Dès lors, c’est le candidat proclamé du changement, incarnation d’un parti resté dans l’opposition depuis 10 ans, qui risque d’être renvoyé à une défense du système dont il se veut pourtant le réformateur. Le choix qu’a fait François Hollande est à la fois celui de l’habileté et de la raison. Il ne s’est jamais trop engagé sur le chemin du redressement pour inquiéter les Français, mais suffisamment pour laisser comprendre que tout ne serait pas possible et qu’une remise en ordre des comptes publics serait inévitable. Parallèlement, il a cherché à orienter le rejet du système si fort dans l’opinion vers un vote anti-Sarkozy capable de fédérer (on le voit bien au second tour) même les contraires.
C’est cette tactique que Nicolas Sarkozy s’efforce désormais de contourner, en se livrant à des excès qui semblent lui convenir comme un gant (un Guéant ?). Quelle peut être le moyen d’y répondre ? Certes pas en minorant la volonté de transformation politique et sociale voulue par François Hollande. Celui-ci aurait aujourd’hui tout intérêt à mettre encore plus l’accent sur la réforme institutionnelle qu’il compte entreprendre et dont la portée symbolique reste lourde : non-cumul des mandats, diminution de la rémunération du Président de la République, etc.
Mais dans le même mouvement, François Hollande aurait sans doute intérêt à accentuer encore sa démonstration de crédibilité. Ce terrain abandonné par le Président sortant mérite à coup sûr d’être exploré. Il serait en effet paradoxal qu’au moment d’un choix majeur, et passé les aléas des premiers mois de campagne, nos concitoyens oublient les enjeux fondamentaux pour l’avenir du pays. À cette aune, les controverses sur la viande halal, Schengen, etc, devraient peser bien peu.
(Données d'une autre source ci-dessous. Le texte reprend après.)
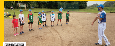
うしくっ子体力向上プロジェクトについて詳しくはこちら

同プロジェクトのプログラムの一環として元選手による教室を開催。投げる動作を通しての運動機能の向上などについて子どもたちに指導を行いました。また、感染症による活動自粛期には、オンラインでのキャッチボール企画を実施しました。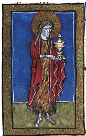
Sl. 31. Sv. Marija Magdalena (Hrvojev misal, f. 170b) Fig. 31. S. Maria Maddalena (Messale del Duca Hrvoje, f. 170b)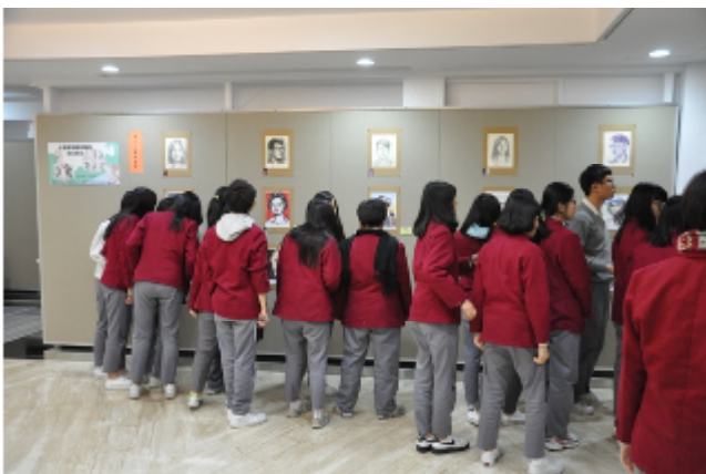
人物繪畫專業培育課程優秀作品展出現場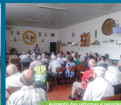
Aumento das reformas e pensões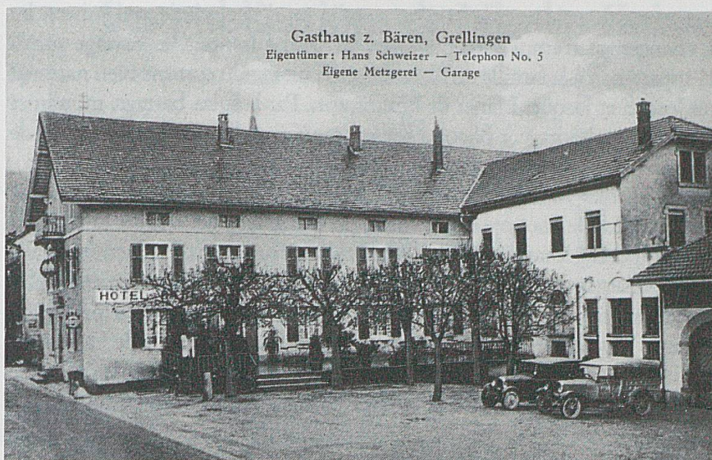
Hôtel de l'Ours à Grellingue (carte postale datée de 1933).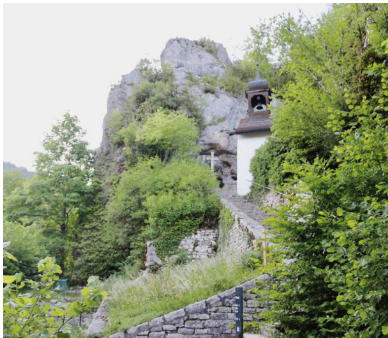
Au bout d'un sentier composé de 190 marches, la petite chapelle de l'ermitage accueille jusqu'à fin août les ermites d'un jour.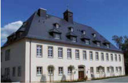
Verwaltung – Internat – Lehrsäle

Landmaschinenschule für landtechnische Aus- und Fortbildung in Landwirtschaft und Gartenbau • Bezirkslehrgut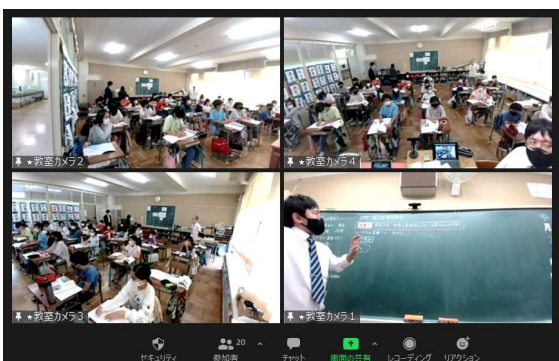
オンライン人権参観(9/24~10/1)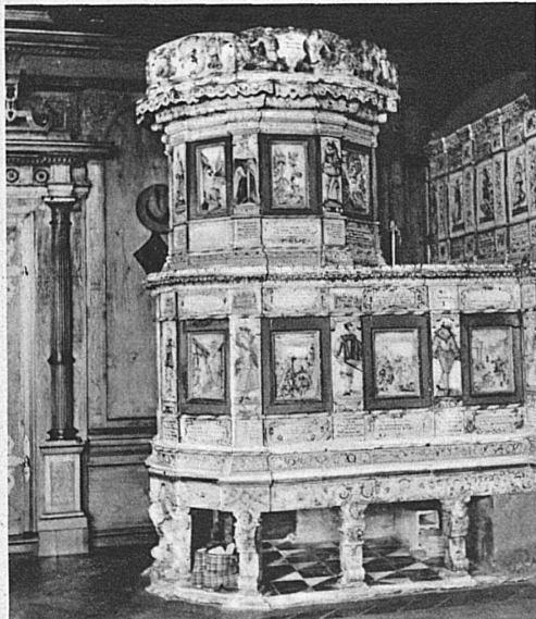
Bürgerratsstube in Chur. Bunt bemalter Turmofen von Hanns Heinrich Pfau in Winterthur 1632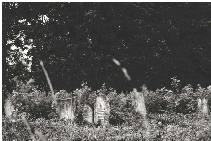
Єврейське кладовище Здолбунова. 08.07.2024 року.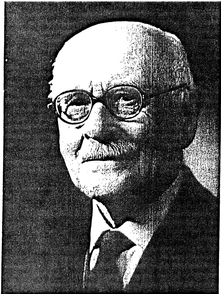
V. Minorsky 1962

Professor Emeritus in the University of London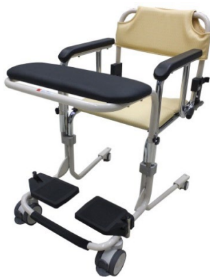
らくらく移乗車いす 乗助さんⅡ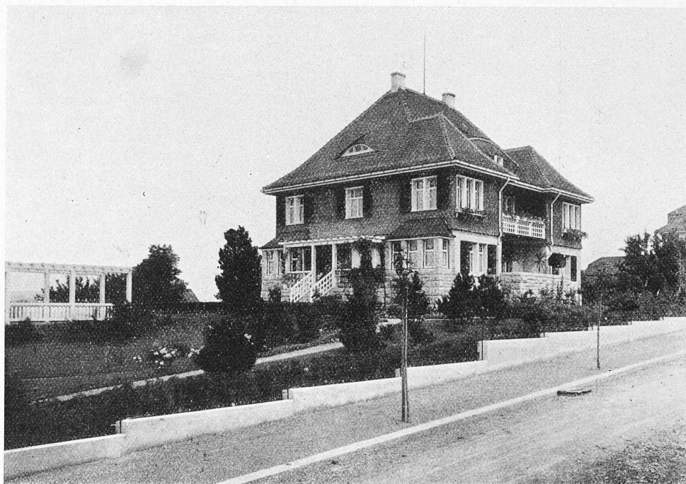
Abb. 4. Villa Altermatt in Frauenfeld von Südwest.

Auch im benachbarten Grossherzogtum Baden hatte das Staatsministerium grösste Sparsamkeit anempfohlen und insbesondere angeordnet, dass alle im Eisenbahnbau-Etat 1914/15 vorgesehenen Bauten, soweit sie noch nicht begonnen sind, bis auf weiteres nicht auszuführen seien. „Es wurde jedoch ausdrücklich angeordnet, von dieser Vorschrift abzuweichen, wo es sich darum handelt, bei eingetretenem Arbeitsmangel Arbeitsgelegenheit zu schaffen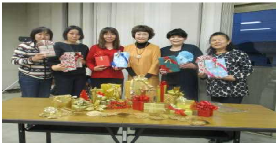
11月14日ラッピングセミナー(6名参加)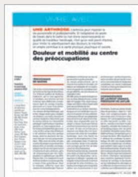
◆ Vivre avec... une arthrose (mai 2022)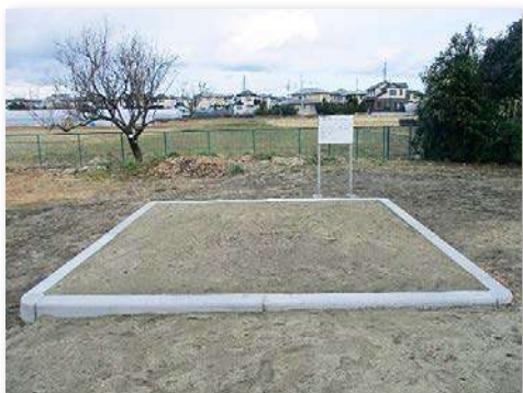
校舎東側のフィールドに設置された海浜植物用花壇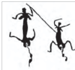
تصویر ۶ و ۷- دو زن در حال رقص، کنده کاری صخره‌ای، پیل‌بارا، استرالیا (Wright, 1968: 99)

برای تریبل ۴۴ مار اشاره به قدرت مارپیچی شکل کیهان و جهان هستی دارد (Triebels, 1958: 130). از نظر وارنر، مار دارای معانی ضد و نقیض فراوان بوده و در آسمان، بالاترین مکان و همچنین در زیرزمین، عمیق‌ترین نقطه گودال‌های آب جا دارد. بنابر دیدگاه وی، گرچه این مار احتمالاً یک افعی مذکر است اما دارای ویژگی‌های زنانه و مردانه و به عبارتی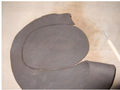
③ タタラを型を覆う程度の大きさにカットします。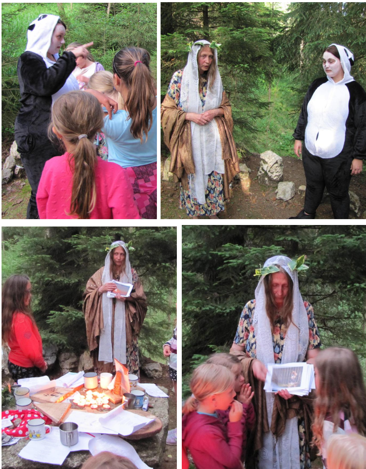
Obr. 10: Setkání s matkou přírodou.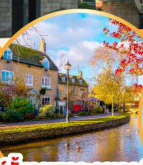
เบอร์ตันออนเดอะวอเตอร์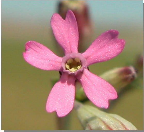
S. rubella . Detalle de la corola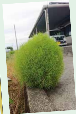
ど根性コキア

気が付くとコンクリートの隙間からコキアが！秋の紅葉まで無事に育つように毎日の水やりが日課になりました。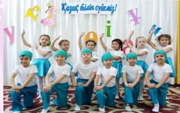
Кружок «Азбука танца»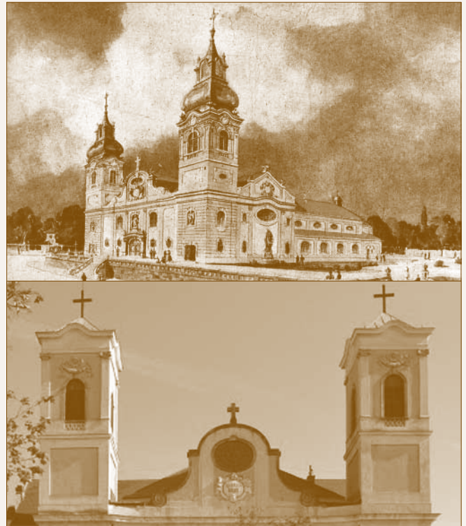
A tervezett és a jelenlegi toronysisakok

Amikor a szüleim hagyatékából előkerült korabeli színes képes levelezőlapon megpillantottam a templomunk impozáns barokk toronysisakokkal ábrázolt képét, büszkeség töltött el. Önkéntelenül is összehasonlítottam a jelenleg is látható, jellegtelen és formájában oda nem illő toronysisakkal.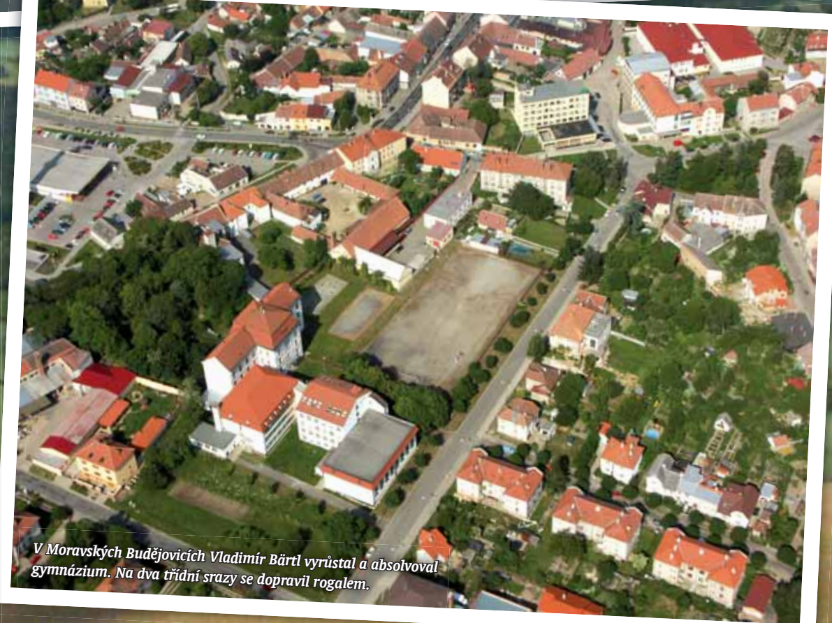
V Moravských Budějovicích Vladimír Bártl vyrůstal a absolvoval gymnázium. Na dva třídní srazy se dopravit rogallem.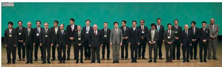
身近な奉仕賞（24クラブ）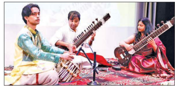
संगीत कार्यक्रम में प्रस्तुति देते कलाकार।

है। जिस कारण नगर के अधिकांश छोटे बड़े होटलों ने डोसा और सांभर जैसे पकवान मेन्यू से हटा दिए हैं और तला हुआ पराठा और भटूरे जैसे व्यंजन भी हटा दिए हैं।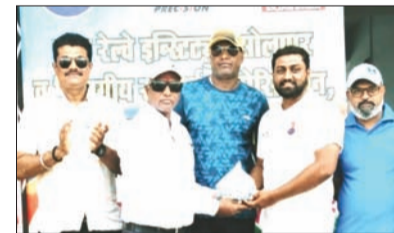
सकाळी : मांडेल क्रिकेट अकॅडमी विरुद्ध एस एस आय क्लब.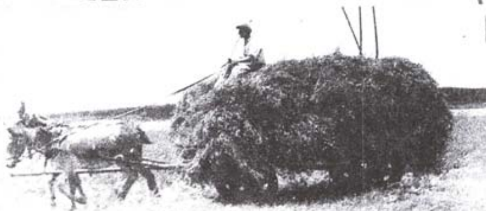
הפרידות ציפודקה חהבה

חבר! הרעב דופק בשערנו זכור ושמור כל פירור לחם ועל כל קורטוב של מצרך אוכל!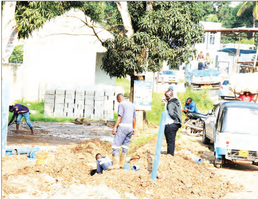
Mafundi wa Mamlaka ya Majisafi na Usafi wa Mazingira Dar es Salaam (DA-WASA), wakiunganisha huduma mpya ya maji eneo la njia panda ya Goba Tegeta A, Dar es Salaam jana.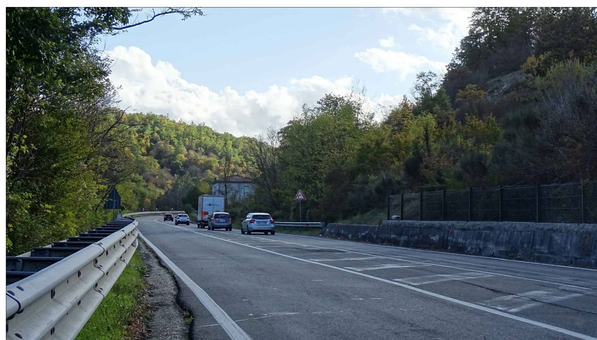
Vista F2a direzione sud: ANTE OPERAM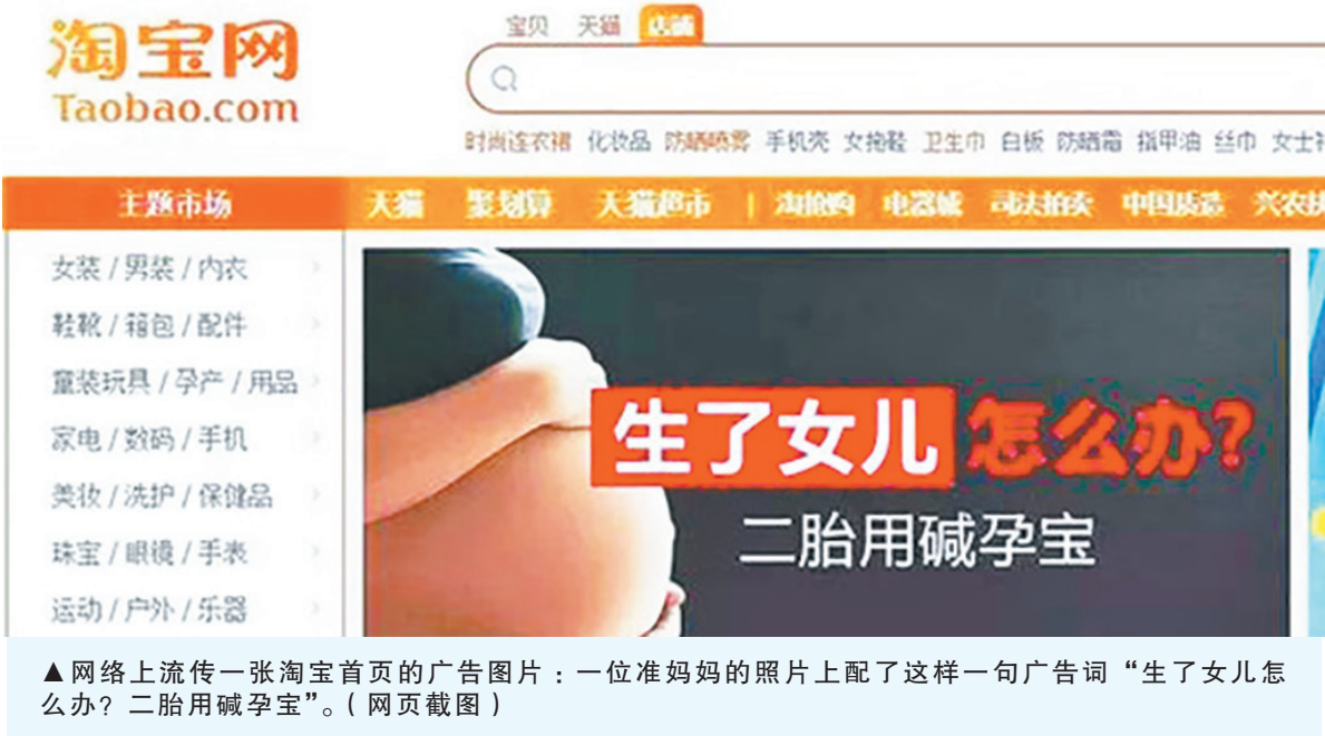
▲网络上流传一张淘宝首页的广告图片：一位准妈妈的照片上配了这样一句广告词“生了女儿怎么办？二胎用碱孕宝”。(网页截图)

地下水的污染令民众忧心忡忡。有网民表示：“地下水被污染成这样，老百姓还怎么活呀？”有人说：“地下水是这个民族的未来的保障。其实，中共把这个民族彻底毁了。”“还我河山，还我好山好水！”◇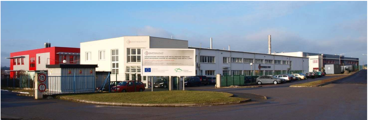
Obr.1 Celkový pohled na Západočeské materiálově metalurgické centrum v Dobrušce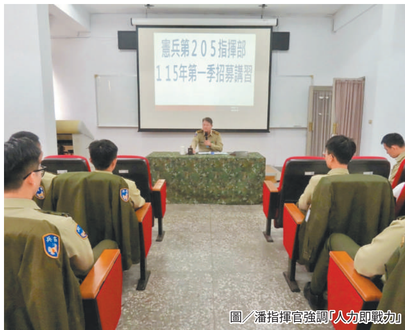
圖／潘指揮官強調「人力即戰力」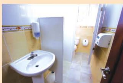
Vista parcial de uno de los baños para el público.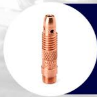
COLLET PRENSA Y BODY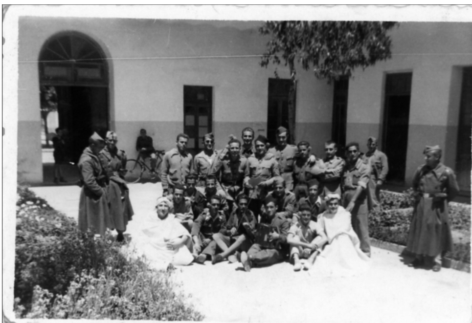
Falangistas en el Colegio Hebreo de Melilla tras la incautación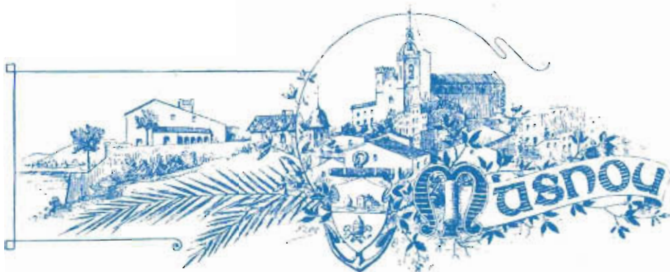
Capçalera del setmanari "La Costa de Llevant". Dibuix d'en Flos i Calcat.

Quedan abiertas desde el 1.º del presente las clases nocturnas, para todas aquellas personas que deseen enterarse de cualesquiera de las asignaturas antedichas, incluso la enseñanza primaria. Dichas clases principian á las seis.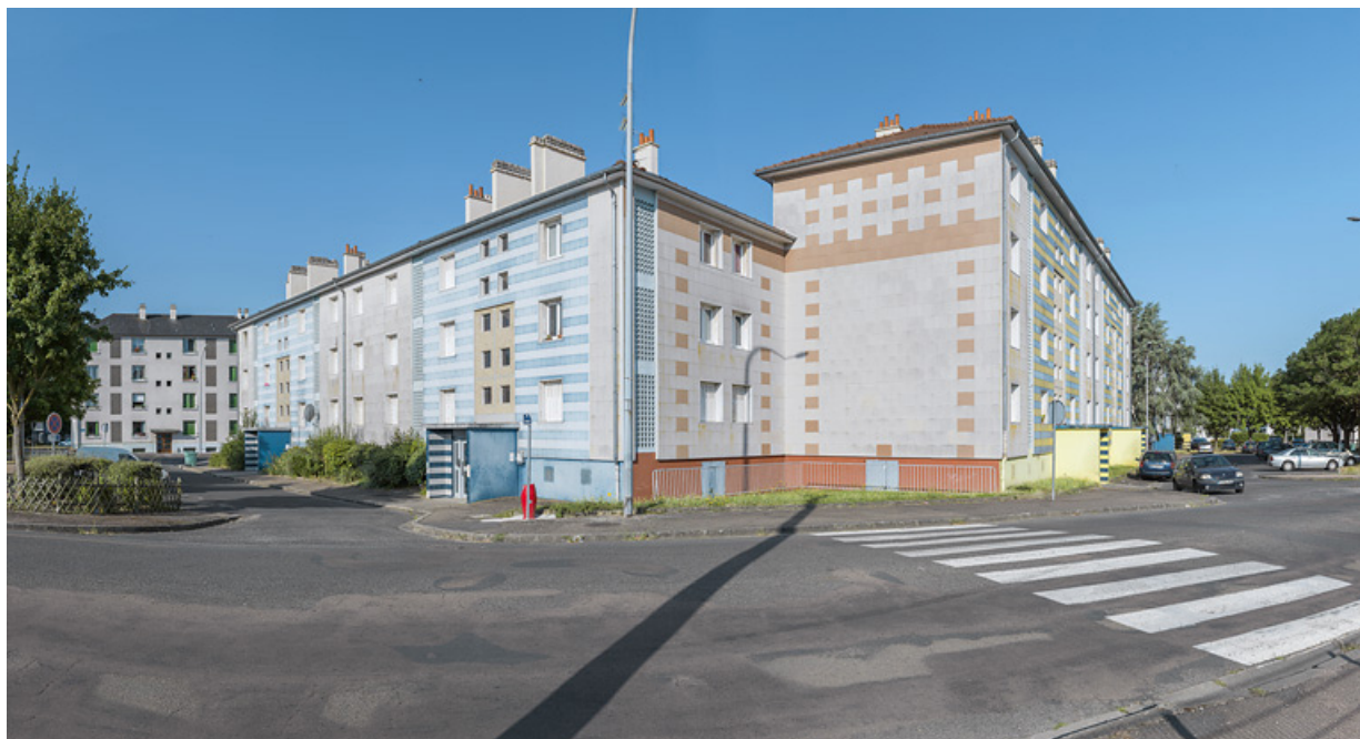
Bâtiments A et B, façades antérieures et latérales.

58, Cosne-Cours-sur-Loire avenue de Verdun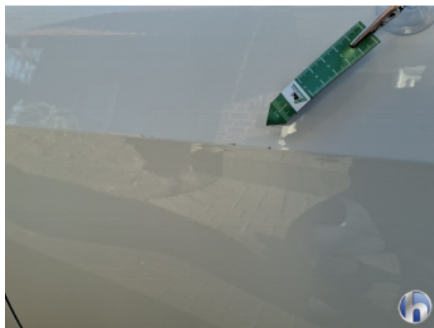
2. Tür Hinten - Links Kratzer - Smart Repair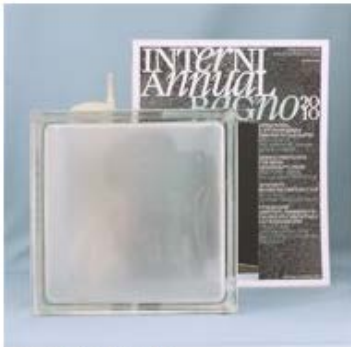
【品番】 GL18031 【品名】チェコガラス サンバ

Battons-nous pour remettre la campagne sur ses pieds et tous les candidats face à leurs responsabilités ! À cet égard j’observerai que l’important n’est pas, dans une Présidentielle, de participer, contrairement à ce que certains laissent entendre à travers leur chasse aux signatures, mais bien de choisir l’homme ou la femme dont la stature, la clairvoyance et la capacité de rassemblement lui permettront de diriger l’État.